Równo o 10 strzał z czegoś, co dźiwiękiem przypominało bardziej armatę (u mnie stan przedzawałowy) niż pistolet, zainicjował bieg. Ruszyłam spokojnie, sukcesywnie zwiększając tempo. Pierwszą połowę określiłabym jako zachowawczą. Siły rozłożyłam tak, aby mieć ich spory zapas na pozostałe 5 km. Wiedziałam bowiem, że czeka mnie trudny podbieg na 7. km. Na ostatnim kilometrze biegłam na pełnej mocy, bo wiedziałam, że uda mi się złamać 50 min.
Na metę wpadłam z czasem netto 00:46:14, ale czułam, że mogę biec dalej.
Zosia, której dzisiejszy bieg również przyniósł życiówkę do 4-5 km zmagała się bólem lewej piszczeli. Wpadła na metę czasem 00:49:26. Zgodnie przyznałyśmy, że pogoda bardzo nam pomogła w osiągnięciu wymarzonych wyników .
Trasa: z podbiegami, ale jak wiadomo każdy podbieg ma swój zbieg. Poza tym bez większych trudności.
Organizacja: trochę się zdenerwowałam, ponieważ rano nie było mnie (Zosi zresztą też) na liście startowej, a nie miałam potwierdzenia zapłaty. Nie było jednak większych problemów z odbiorem pakietu startowego. Po biegu, w dużym namiocie, odbył się event z częścią artystyczną, dekoracją i losowaniem nagród (my wylosowaliśmy 7 – dniowy free pass do jednego z poznańskich fitness klubów). Dopisała także frekwencja – bieg ukończyło ponad 600 osób.
Post scriptum. Jeszcze rok temu NIKT wołami nie wyciągnąłby mnie z łóżka o 7 rano 
w niedzielę na 10 km energicznego biegu. Dzisiaj robię to z własnej woli.
I am addicted.

Cześć! Nie wyglądamy dziś przesadnie ładnie :)

Share :
You may also like
Mój 35. Vattenfall Berliner Halbmarathon
Imprezy biegowe - Running
Idą zmiany!
Running
19 komentarzy
  • maj 23,2012 at 11:32

    Świetny ten Wasz blog, naprawdę rewelacyjnie się czyta :) Przy okazji buszowania po takich stronach jak Wasza, sama postanowiłam zacząć pisać :)

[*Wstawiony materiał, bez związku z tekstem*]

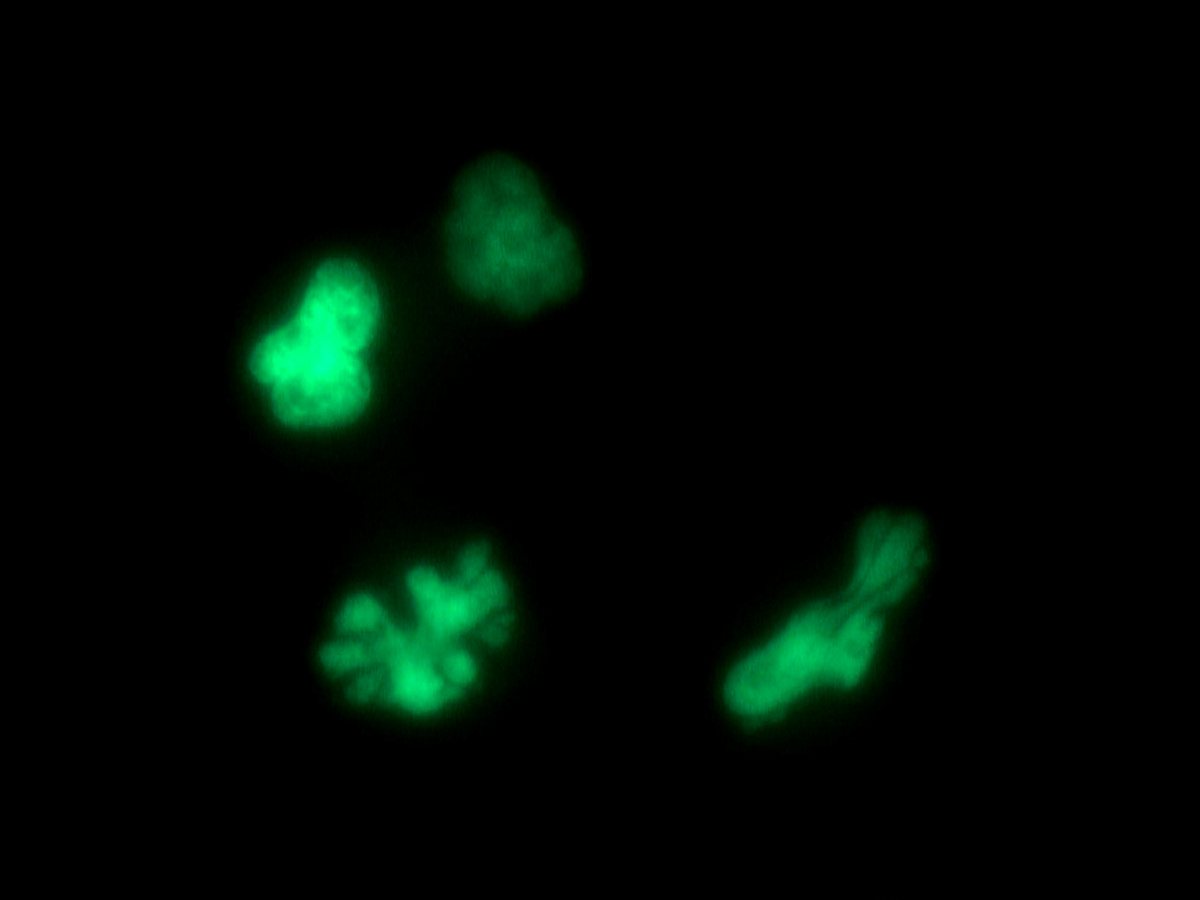 核移行シグナルを持つ DNA 結合タンパク質と GFP を融合させ、細胞内で発現させた。融合タンパク質も DNA と結合するようで、分裂中の細胞では染色体がはっきりと見える。

    • maj 23,2012 at 11:52

      Dziękujemy! Naprawdę miło nam się czyta takie słowa i bardzo nas to dopinguje. My również będziemy zaglądać na Twojego bloga i trzymamy kciuki za plany.

      Pozdrawiamy

      Magda i Zosia

  • maj 21,2012 at 18:45

    witam.(; trafiłam to przypadkiem i dodaję.;d
    mam też prośbę i 'pomysł’ na post: można prosić o dobre ćwiczenia rozgrzewające i rozciągające w szczególności.? <;
    pozdrawiam.;d

    • maj 21,2012 at 19:53

      Cześć! Jasne, że można. Obiecujemy, że jak tylko odgrzebiemy się z zaległości, egzaminów, nadmiaru pracy, to przygotujemy rzetelny wpis na ten temat. Ps. Życzymy wielu sukcesów w bieganiu :)

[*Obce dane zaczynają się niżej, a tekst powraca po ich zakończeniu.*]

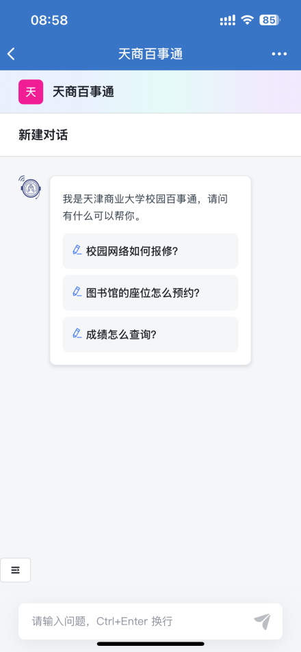 为深入贯彻落实学校第三次党员代表大会提出的“数智赋能战略”要求,全面推进学校教育数字化转型和高质量发展。近期学校基于DeepSeek-R1/V3(671B)大语言模型技术,依托本地化智能体平台创建学校专有知识库,开发了“天商百事通”应用。该应用提供了学校管理规范、办事流程、信息查询等场景的智能问答服务,旨在为师生提供便捷化、精准化、智能化的校园服务。

    • maj 22,2012 at 13:26

      świetnie.! będę tutaj częstym gościem czuję.;d
      dzięki wielkie i szerokości,miłego(;

  • ewa
    maj 17,2012 at 01:40

    super! bardzo lubię Waszego bloga. I muszę przyznać, że miał on swój wkład w zmotywowanie mnie do biegania – więc wielkie dzięki ;) powodzenia i kolejnych życiówek!

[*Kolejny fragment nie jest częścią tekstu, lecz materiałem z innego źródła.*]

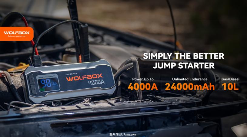 WOLFBOX 4000A 緊急電源啟動器擁有24000mAh 的大容量電池和 4000A 啟動電流,輕鬆支援10升汽油或柴油車引擎啟動,不管是轎車還是卡車,都能穩穩搞定。高清 LCD 顯示器讓操作狀態一目了然。它不僅是啟動神器,還是移動電源!65W USB-C 快速充電,能給手機、平板、筆電快速回血,露營或長途旅行超貼心。內建的 LED 照明功能,有 SOS 和頻閃模式,緊急時刻隨時備用。IP64 的防護等級再加上 10 種安全防護功能,無論是寒冷的冬天還是炎熱的夏天,都能安心使用。這款多功能應急裝置,真的讓出行更安心!

    • maj 17,2012 at 11:14

      Dziękujemy :) Takie słowa motywują nas do dalszej pracy nad jego rozwojem. Cała przyjemność po naszej stronie. Twojego bloga również będziemy odwiedzać :)

  • maj 16,2012 at 07:59

    gratuluję dziewczyny! :) babeczki gora! :) mam nadzieje tez kiedys bede bila swoje rekordy…poki co przede mna pierwszy bieg uliczny ;) a powiedzcie..ladujecie na piecie, srodstopiu czy palcach? a moze polecicie jakas lekture da poczatkujacej biegaczki? :)

    poozdrawiam

    • maj 16,2012 at 09:46

      Dziękujemy! Będziemy trzymać kciuki za debiut, a na rekordy będzie jeszcze czas. Jeśli chodzi o typ stopy, to przyznam, że nigdy tego tematu bardzo nie eksploatowałam, ale chyba bliżej mi do stopy pronującej.

    • maj 19,2012 at 18:30

      dzieki za odpowiedz ;) naczytalam sie ostatnio o bieganiu naturalnym, ladowaniu na srodstopiu i zaczelam swirowac…ale nie bede sie na tym teraz skupiac ;) dla mnie to przygoda…i na razie niech tak zostanie :)
      pozdrawiam!

    • maj 21,2012 at 19:54

      Ja mam w zapasie buty do biegania naturalnego, ale jeszcze ich nie próbowała. Sama jestem ciekawa, czy jest różnica, czy to tylko marketing :)

  • maj 15,2012 at 09:57

    Pozwólcie, że wtrącę to tej „babskiej” dyskusji ;-)
    Gratulacje dziewczyny! Aż żałuję, że od Swarzędza nie dotarłem (zresztą w ten weekend nie dotarłem na żaden bieg) – mam poczucie, że mi życiówka koło nosa przeszło…

    • maj 16,2012 at 09:39

      Dziękujemy :) Nie da się ukryć, że pogoda i dość łatwa trasa sprzyjały życiówkom i faktycznie każdy znajomy biegacz ją zrobił. Ale okazji będzie jeszcze mnóstwo.

  • maj 14,2012 at 07:24

    kurcze, dziewczyny, rozkręcacie sie!!! co to będzie na jesień..?
    pozdrawiam;)

    • maj 14,2012 at 08:02

      Kasia – obawiam się, że nadejdzie marazm, rutyna, stagnacja.
      Aż się boję…

  • maj 13,2012 at 20:40

    No widzisz! Tym razem obiektywne czynniki pozwoliły Ci złamać „przeklętą pięćdziesiątkę”, i to o ile! Gratulacje!

    • maj 14,2012 at 08:00

      Dziękuję. Chwała obiektywnym czynnikom :)

  • maj 13,2012 at 18:00

    Bardzo się cieszę że jest nas, kobiet uzależnionych od biegania, coraz więcej:)

    • maj 14,2012 at 07:53

      A ja mam nadzieję, że będzie nas jeszcze więcej.